Hoje em dia, num momento em que a Alemanha se remeteu a um papel secundário na História e o mundo se libertou de intrigas, custa até imaginar como é que alguém possa em tempos ter-se sentido cativado pelos ideais anarquistas.
A política vive agora de acordos e alianças mais do que de guerras. Restam, é certo, alguns constrangimentos. Mas sabemos como os ultrapassar …
“Os elevados montantes obrigam as organizações de países pequenos, como o nosso, e em que o financiamento dos sindicatos se limita, quase exclusivamente, às quotizações dos sindicalizados, a terem de declarar um número de associados bastante abaixo do real, sob pena de, pagando integralmente as quotas, asfixiarem financeiramente. (M. Nogueira, 22 de Abril de 2010, comunicação apresentada à Conferência Internacional Sindical)
Mais si!
Abril 23, 2010 at 12:28 pm
#2 e #5
Step by step, aproximamo-nos da biologização dos equipamentos… Isto, associado à teoria de Gestalt e à Sociobiologia poderá vir a engendrar uma bomba relógio!
Há que ter em consideração o facto dos sociobiólogos considerarem ser a violência e a guerra os meios mais eficazes para a selecção natural e, coincidência das coincidências, a Sociobiologia e o neoliberalismo surgiram quase em simultâneo! A ciência é considerada eticamente neutra, mas o desenvolvimento das ciências não é aleatório, depende do contexto sociológico.

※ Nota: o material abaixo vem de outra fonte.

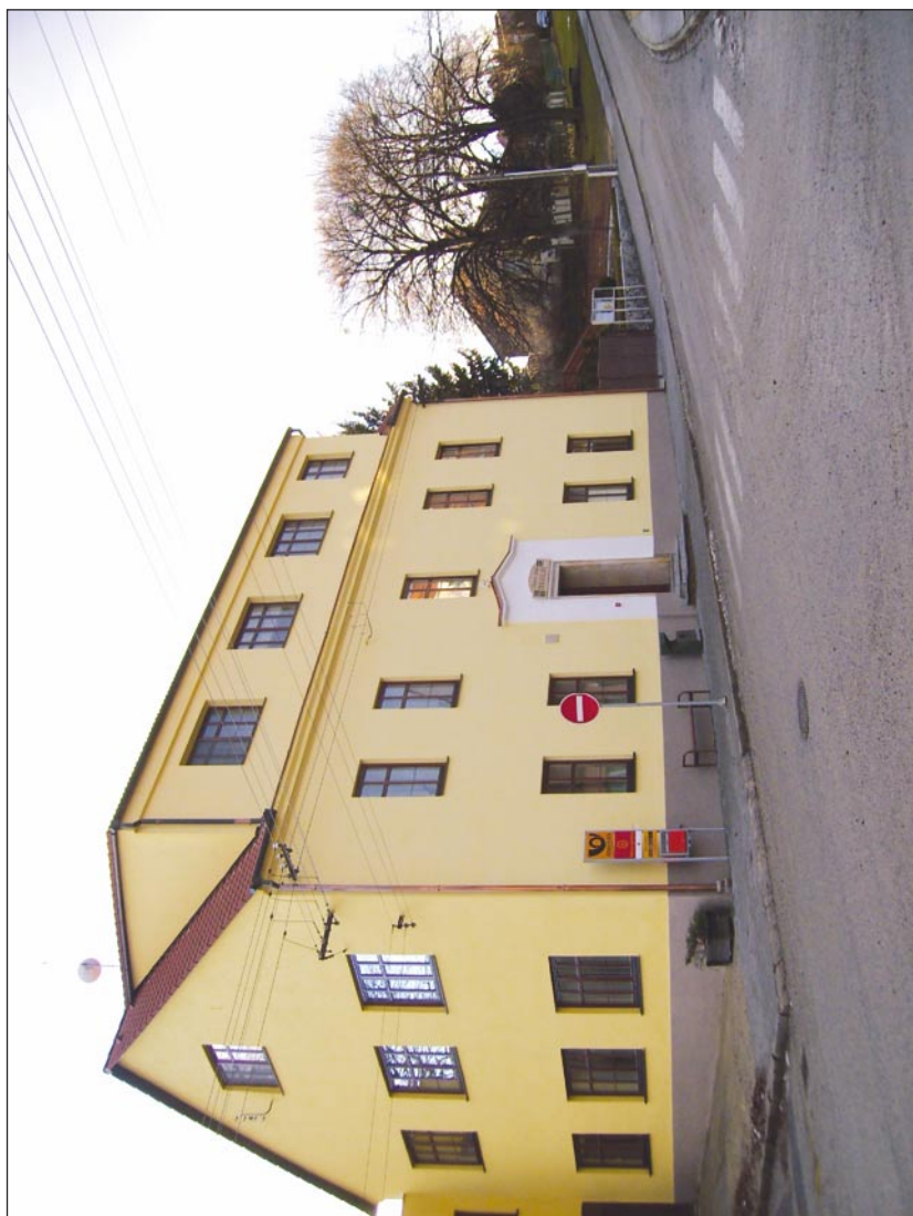
Obecní úřad po rekonstrukci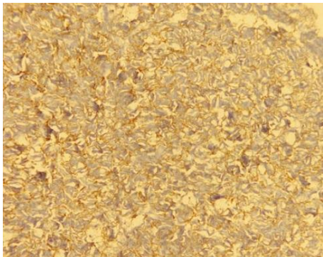
Figure 4: Immunomarquage positif au DOG1 des cellules tumorales mésentériques (grossissement X10)

Abril 23, 2010 at 12:31 pm
Desculpem as gralhas, mas a pressa é inimiga da perfeição…
Abril 23, 2010 at 12:34 pm
#15
Intróito a um assunto merecendo “insights” mais demorados: aguardemos. Estará relacionado com este artigo de Olga CHETVERIKOVA?
Abril 23, 2010 at 12:39 pm
Isto é tudo mais velho que a Sé de Braga. Tem milhares de anos.

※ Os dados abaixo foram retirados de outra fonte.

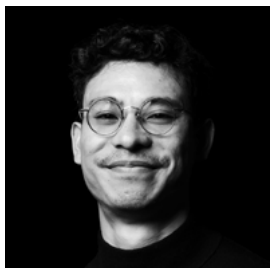
Yannick Verweij Scenografie, kostuum- en lichtontwerp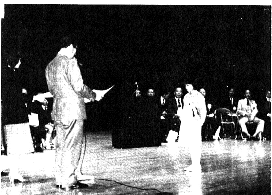
グラフコンクール知事賞表彰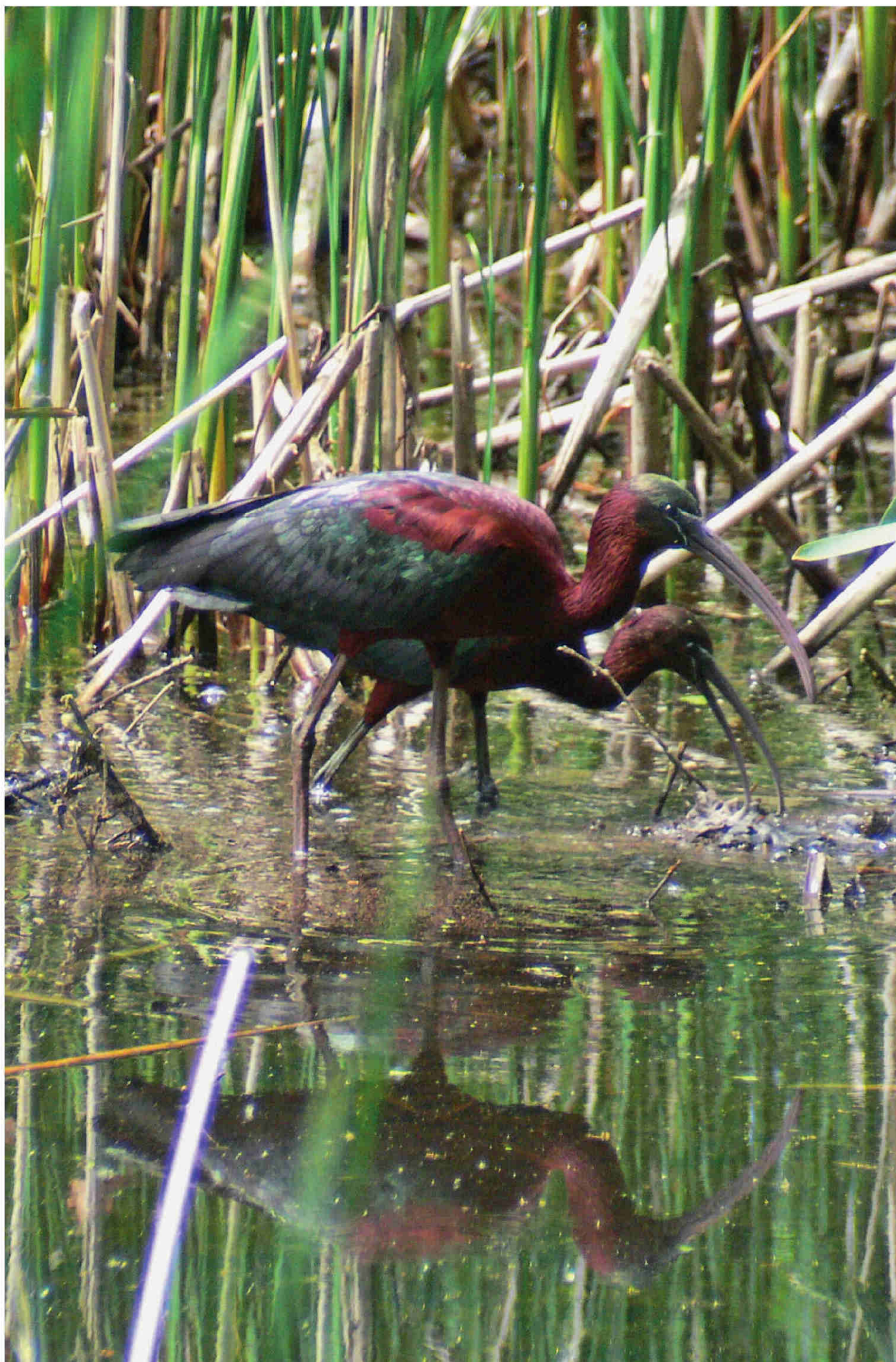
Obr. 5 – Dospělí ibisové hnědí ( Plegadis falcinellus) při sběru potravy v zarostlé západní části Nového Vrbenského rybníka.

Fig. 5 – Foraging adult Glossy Ibises ( Plegadis falcinellus) in overgrown western part of Nový Vrbenský Pond.

Abril 23, 2010 at 12:49 pm
#17
Está, digo eu!
Abril 23, 2010 at 12:55 pm
The following is a list of ongoing conflicts that are taking place around the world and which continue to result in violent deaths.
A fleuma nas relações internacionais pode ser usada com tanto mais generosidade quanto maior o número de bases militares. Para quê gritar? basta sugerir – com suavidade. Até porque, como toda a gente sabe, um porta-aviões nuclear é um instrumento de Paz, não uma arma de guerra…
Abril 23, 2010 at 1:12 pm
Bom dia.
Abril 23, 2010 at 2:29 pm
Abril 23, 2010 at 2:36 pm
Ontem, em Atenas
Abril 23, 2010 at 4:38 pm
Soluções do século passado, como diria Fernando Pinto:
A nine-week cleaning strike left parts of the Netherlands looking like a refuse dump. The cleaning crews returned to work after their demands were met.